Part (a)
You can google complete the square if you want to be reminded of how to convert this given quadratic equation into the parabola form they request, but I don't think that you will ever have to do something like
this again. The h and k they are referring to are the x and y coordinates, respectively, of the vertex of the parabola. In general, for any quadratic equation (ax^2 + bx + c), the x coordinate of the vertex will be -b divided by (2a). Which is to say, h = - b / (2a). Once you know h, you can sub it into the given quadratic equation to compute k, the
y-coordinate of the vertex.
Once you know h and k, sub them into the given format and you have answered part (a).
I recommend that you sketch a graph of this parabola and include it in your solution to help visualize the problem. Just make a quick table of values. Plot the vertex you just found, and choose one or two other points on each side of the
vertex.
Part (b)
The vertical line test checks if a graph is a function or not. If a vertical line can never pass through more than one point on the graph, the graph represents a function
The horizontal line test checks if a graph's inverse would be a function. If a horizontal line can never pass through more than one point on the graph, then its
inverse would be a function.
A graph is a one-to-one function if and only if it passes both the vertical and horizontal line tests. That proves that for any one value of x there is only one value of y on the graph. The function is one-to-one.
Sketch the graph of the parabola, and it is obvious that it fails the horizontal line test. So you must restrict the domain to
make it one-to-one. The most logical thing to do is to restrict the domain to all the x values starting from the vertex and to the right.
Part (c)
Be sure to use the (h, k) form they had you generate in part (a). Much easier to do the algebra with that one.

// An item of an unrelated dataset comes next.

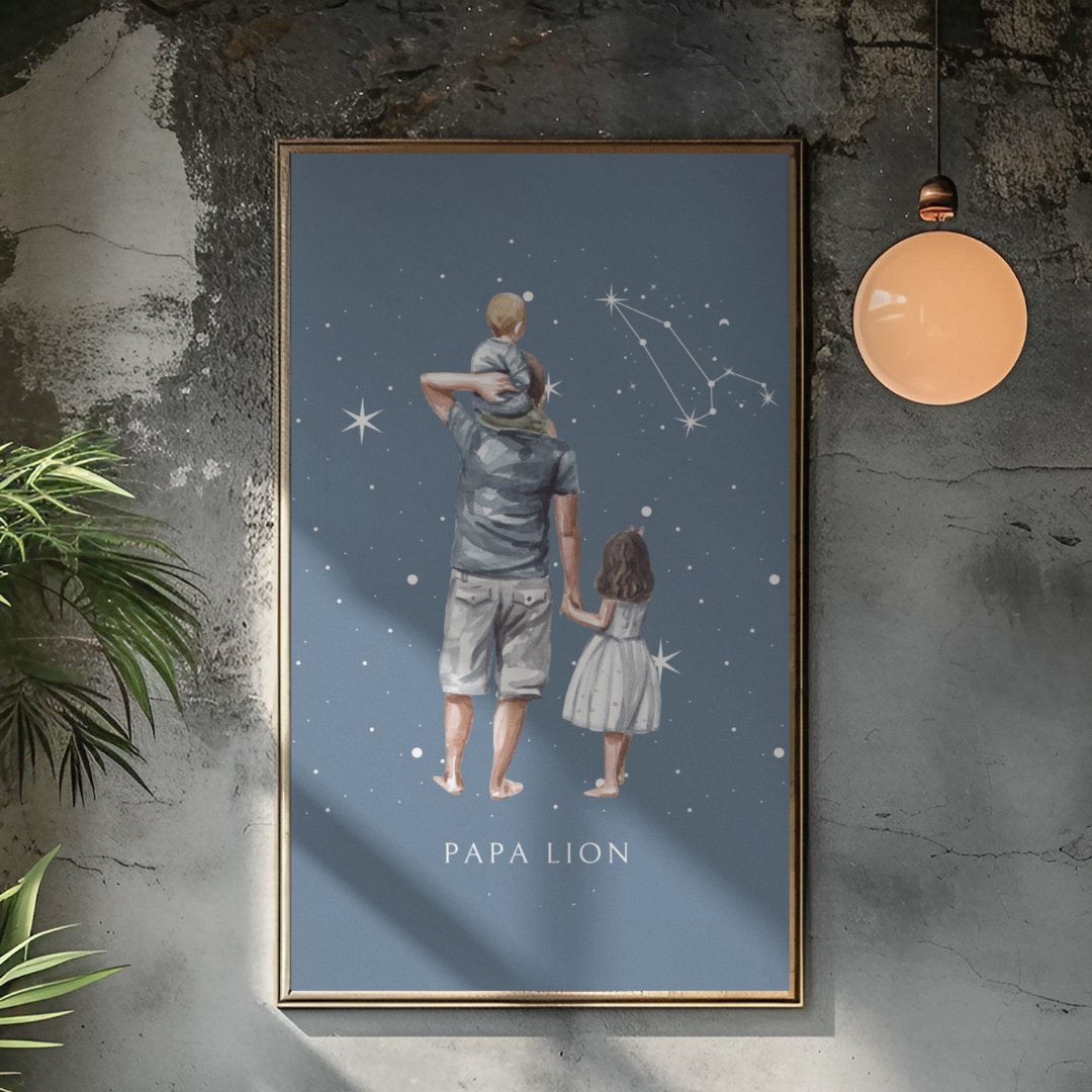 Ajoutez une touche de force et de chaleur à votre décoration avec ce poster de la collection Cosmic Dad. L’illustration met en scène un père avec ses enfants sous un ciel étoilé illuminé par la constellation du Lion. Ce design rend hommage à la puissance et à la noblesse du lien paternel.

I show you how to find the inverse of a function in Lesson 8 of my book (just after
question 4 in the lecture, page 230). I like to immediately have x and y change places, then proceed to isolate y.
Once you have isolated y, make sure you replace y with f^-1 (x), the f-inverse symbol.
Since an inverse changes the x and y around, it is sort of rotating a graph sideways (and flipping it). What was vertical becomes horizontal, and vice-versa. Thus, a graph that passes
the horizontal line test, will have an inverse that passes the vertical line test, proving that the inverse will be a function. Only one-to-one functions will have inverses that are also function.
Part (d)
The domain and range for f(x) should be obvious from the sketch you made earlier in the question (but, remember, you must use the restricted domain you identified in part (b) for the one-to-one function).
Part (e)
The domain and range of the inverse function are easy. The domain of f is the range of f-inverse, and the range of f is the domain of f-inverse. Just reverse the answers for part (d).